Now then, while you may be forgiven for thinking that this card was inspired by demoniac imagery from some medieval horrors, this Satanic chap isn't in fact even a gentlemen! Actually this card's image is derived from a famous still from a classic Japanese film - Onibaba (1964)

still from Onibaba

Onibaba, which literally means "Demon Hag", was written and directed by Kaneto Shindo and was inspired by a Shin Buddhist parable. Critics are seemingly unsure as whether this movie should be classed as a period drama or a horror movie, but everyone agrees that it is a classic. Set in the 14th century, the story tells of two women, one older and one younger, who kill passing warriors and samurai and sell their armour and weapons for profit. However this set-up get more complicated when they team up with a soldier Hachi, and then things go badly awry when the older woman acquires a demon mask from one of her victims...

However for some bonus points, that's not the only rip-off in this card. Yes, that bloodied blade at the top has been borrowed too - for if you look closely you can see that it is the titular device in this poster!

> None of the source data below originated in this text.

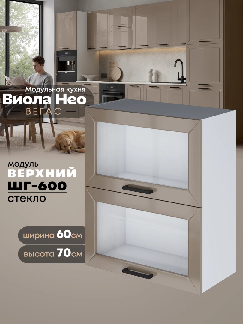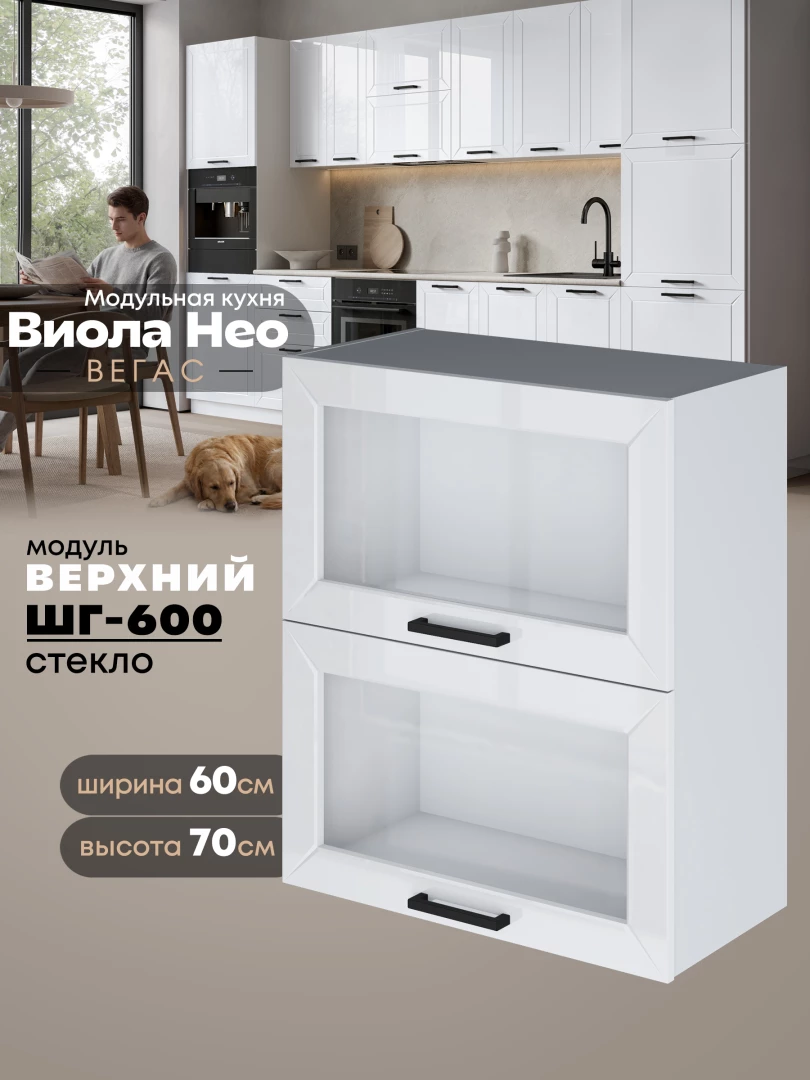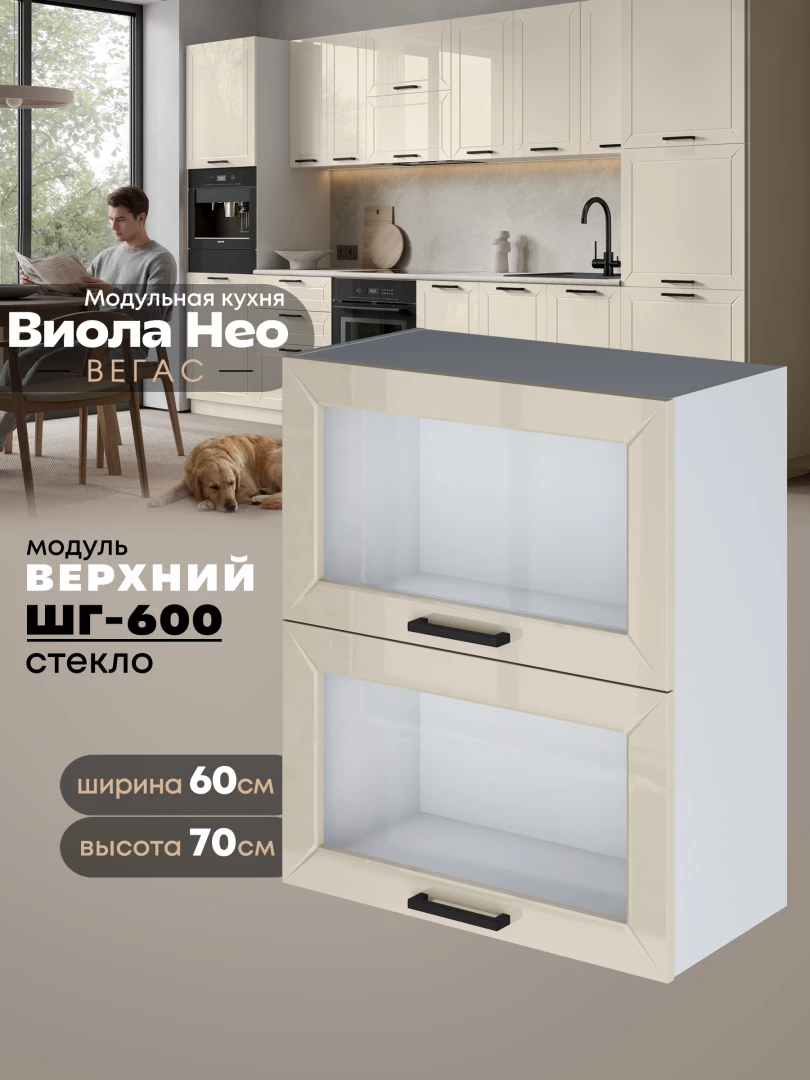 Кухонный модуль навесной с откидными створками Виола Нео Вегас ШГ-600-стекло Глянцевый
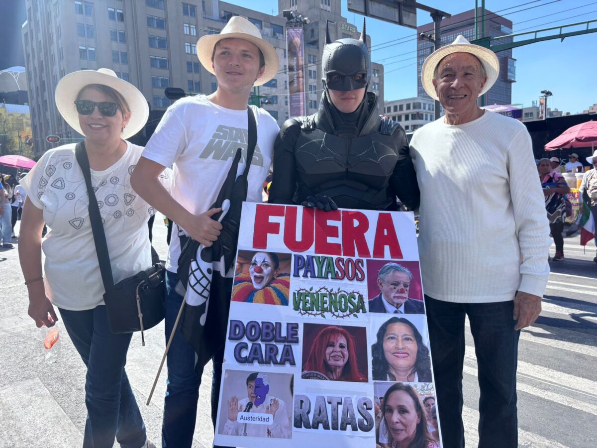 A unos pasos, otro joven avanzaba con una pancarta que decía: “Viva la libertad, carajo”, la frase que popularizó Milei. Rechazó dar entrevistas, pero recorrió la ruta rumbo al Zócalo gritando: “Fue un error estar con Obrador, ¡narcoestado!”.
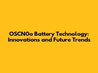 OSCN0o Battery Technology: Innovations And Future Trends
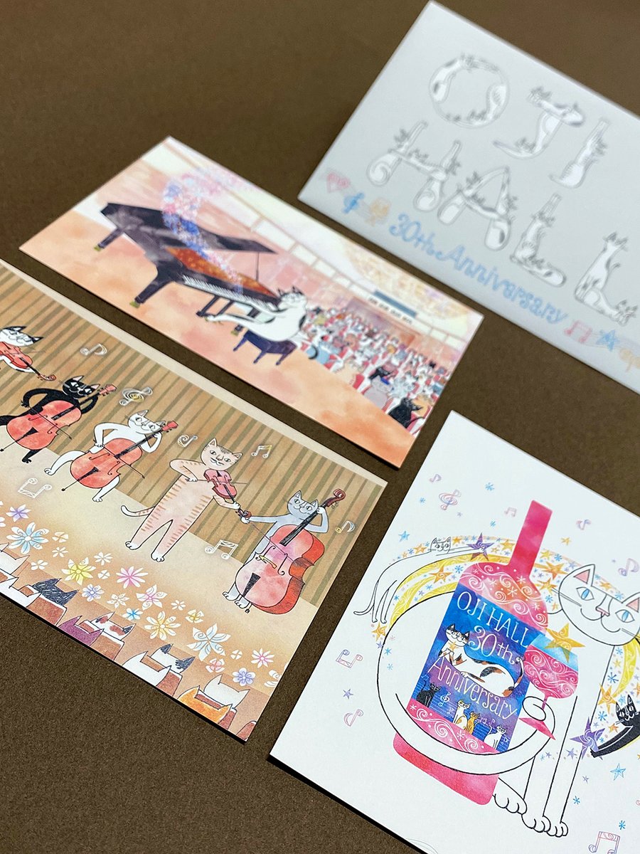 【30周年記念ポストカード】おかべてつろうさん×王子ホールのコラボ作品3枚セットを、2Fノベルティカウンターにて税込500円で販売中!口髭を生やし、ヴァイオリンを奏でる猫のモデルは…明後日登場する篠崎..
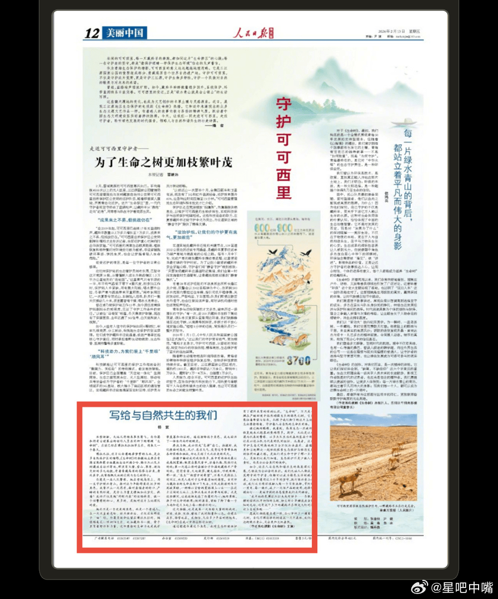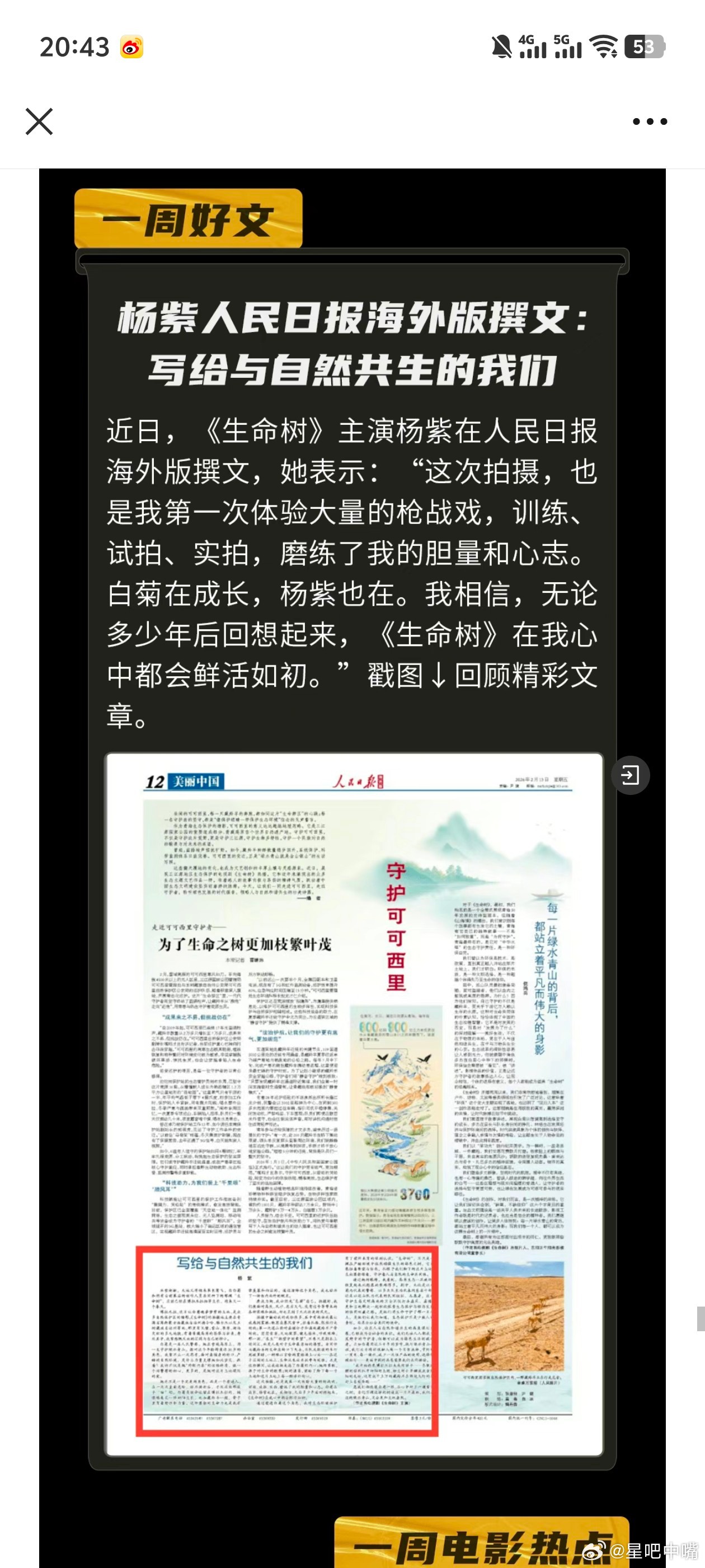 1️⃣一周好文:杨紫人民日报海外版撰文《写给与自然共生的我们》

poster for The Pit and the Pendulum

Based - very loosely I might add - on the Edgar Allen Poe tale of the same name, The Pit and The Pendulum (1961) was actually the second of a series of movies inspired by Poe which were helmed by Roger Corman. They nearly all starred the great Vincent Price, and several, like this one, boasted a script by the great Richard Matheson too. A first class horror pedigree I'm sure you agree for a humble blood-splattered blade!